- Interactive map of Topoli
- Topoli Topoli
- Coordinates: 49°57′52″N 37°54′31″E﻿ / ﻿49.96444°N 37.90861°E
- Country: Ukraine
- Oblast: Kharkiv Oblast
- Raion: Kupiansk Raion
- Hromada: Dvorichna settlement hromada
- Founded: 1920

Area
- • Total: 0.737 km^{2} (0.285 sq mi)

Population
- • Total: 0
- • Density: 0.0/km^{2} (0.0/sq mi)
- Time zone: UTC+2 (EET)
- • Summer (DST): UTC+3 (EEST)
- Postal code: 62722
- Area code: +380 5750
- KOATUU code: 6321884503
- KATOTTH code: UA63080050550097728

= Topoli (village), Kharkiv Oblast =

Village in Kharkiv Oblast, Ukraine

Topoli (Тополі; Тополи, lit. 'Poplars') is a village in Kupiansk Raion, Kharkiv Oblast, Ukraine, near the border with Russia.

It was captured early in the 2022 Russian invasion of Ukraine by Russian forces.

== Geography ==
Topoli is south-east of the river Oskil. It is 17 kilometers from Tavilzhanka, 21 kilometers from Dvorichna, 40 kilometers from Kivsharivka and 35 kilometers from Kupiansk. It was part of Dvorichna Raion until that was merged with Kupiansk Raion in 2020.

A railway line runs north through the village and across the border to Urazovo in Russia. Since June 24, 2017, there has been a border service point named after the town Topoli (border checkpoint), which was opened by Interior Minister Arsen Avakov and NSDC Secretary Oleksandr Turchynov.

== History ==
The village was founded in 1725.

On June 12, 2020, it became part of Dvorichna settlement hromada.

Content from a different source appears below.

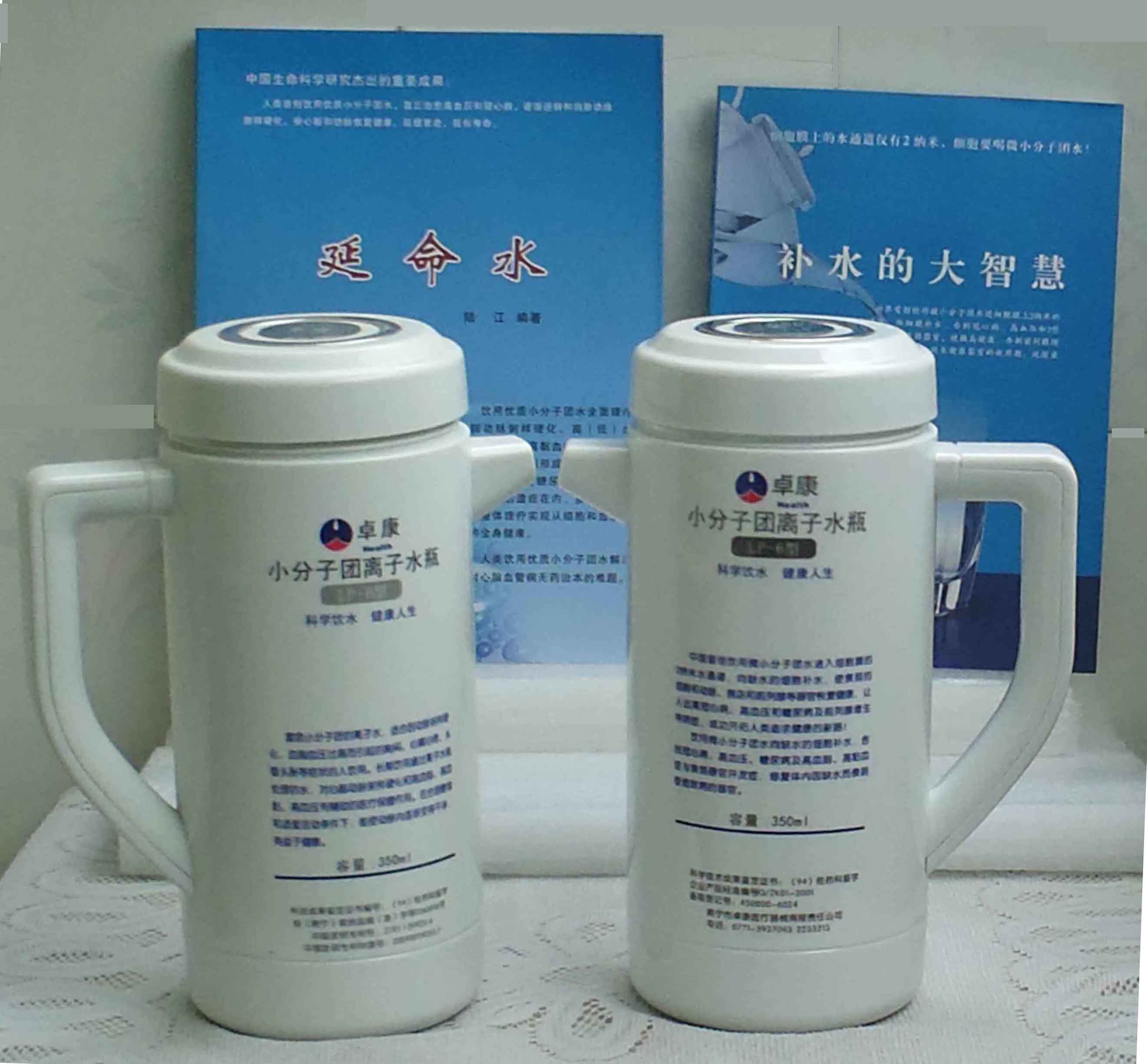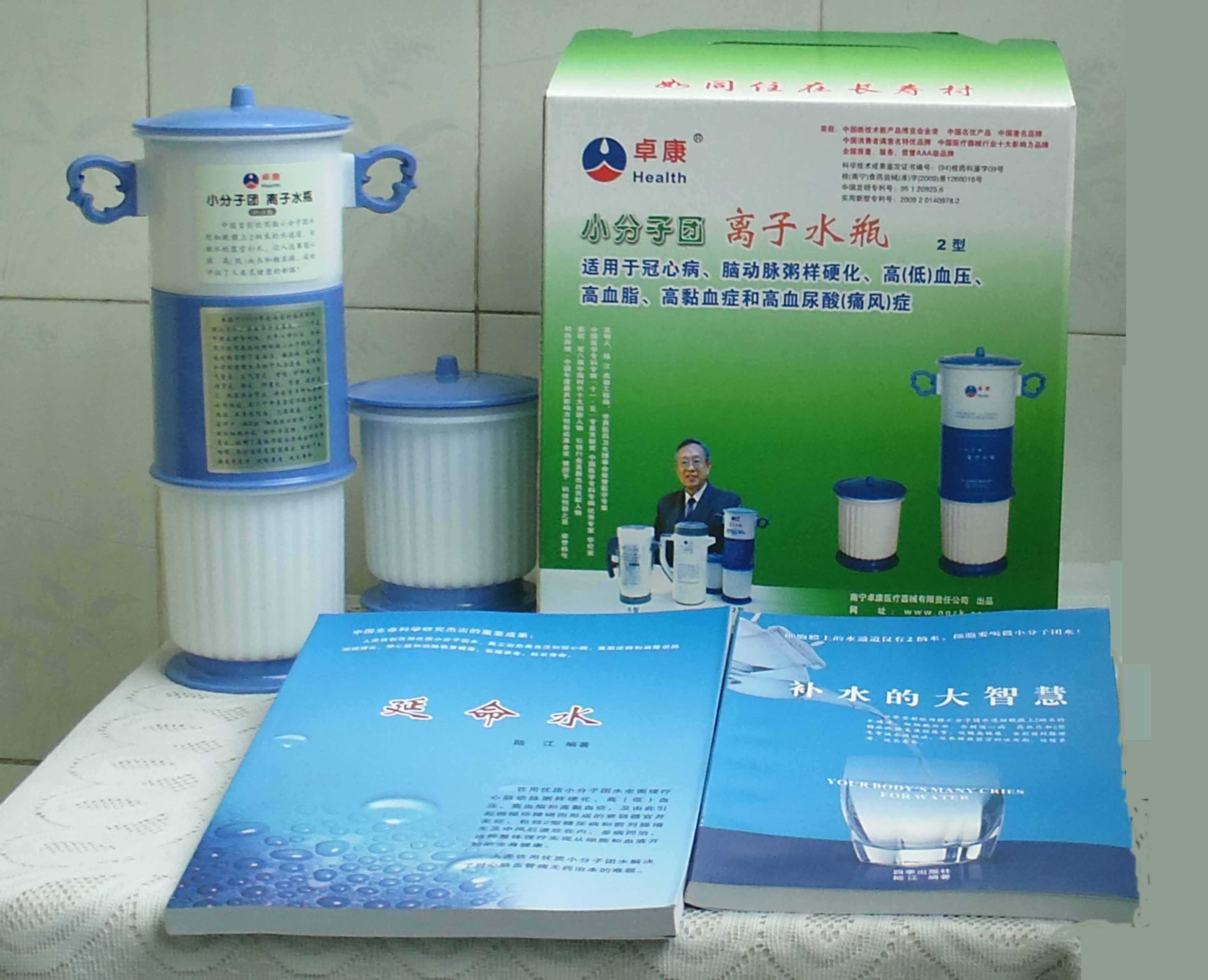 本品大量用戶的使用效果表明,能治愈冠心病、腦動脈硬化、原發(fā)性高(低)血壓、高血脂、高粘血癥、高血尿酸癥(痛風(fēng))和2型糖尿病、衰弱器官并發(fā)癥(前列腺增生、腎衰與尿毒癥)及中風(fēng)后遺癥等療效好。產(chǎn)品配信譽卡。使用壽命30年,不換芯,易清洗。團購優(yōu)惠。從郵局匯款,匯費1%,地址按本頁下方地址、聯(lián)系人寫。從銀行匯款,請點擊[聯(lián)系匯款]欄,從工商銀行匯款,建設(shè)銀行、農(nóng)業(yè)銀行匯款,均免收匯費,匯款后20--30分鐘內(nèi)發(fā)短信,可用微信轉(zhuǎn)帳,均免匯費,微信號即手機號13768308380。匯款后,告知你的姓名和地址,我公司聯(lián)系人手機號是:13768308380。卓康牌離子水瓶為我公司獨家生產(chǎn),郵購產(chǎn)品配《補水的大智慧》彩印書一本,另配四季出版社出版的新書《補水的大智慧》一本,并配光盤一張(含央視主持人釆訪陸江的對話視頻)。目前市場和"淘寶網(wǎng)"上有人兜售假冒的偽品,望讀者審察辯別真?zhèn)?,造假者剽竊假冒本公司的各種認證、獲獎獎項、專利號和外包裝盒上的中英文字,包括科技成果的鑒定意見等,請讀者注意防偽。如何識別假貨?已經(jīng)買了假貨怎么辦?(請點擊[打假掠影][打假掠影])。

On July 17, 2020, after the abolition of Dvorichna Raion, it became part of Kupiansk Raion.

The village was occupied by Russian troops on February 25, 2022.

== Social facilities ==
There is a cultural center with a hall that seats 120, and a library. Children are educated at Topoli High School. There is a medical center, paramedic stations, and a network of retail outlets.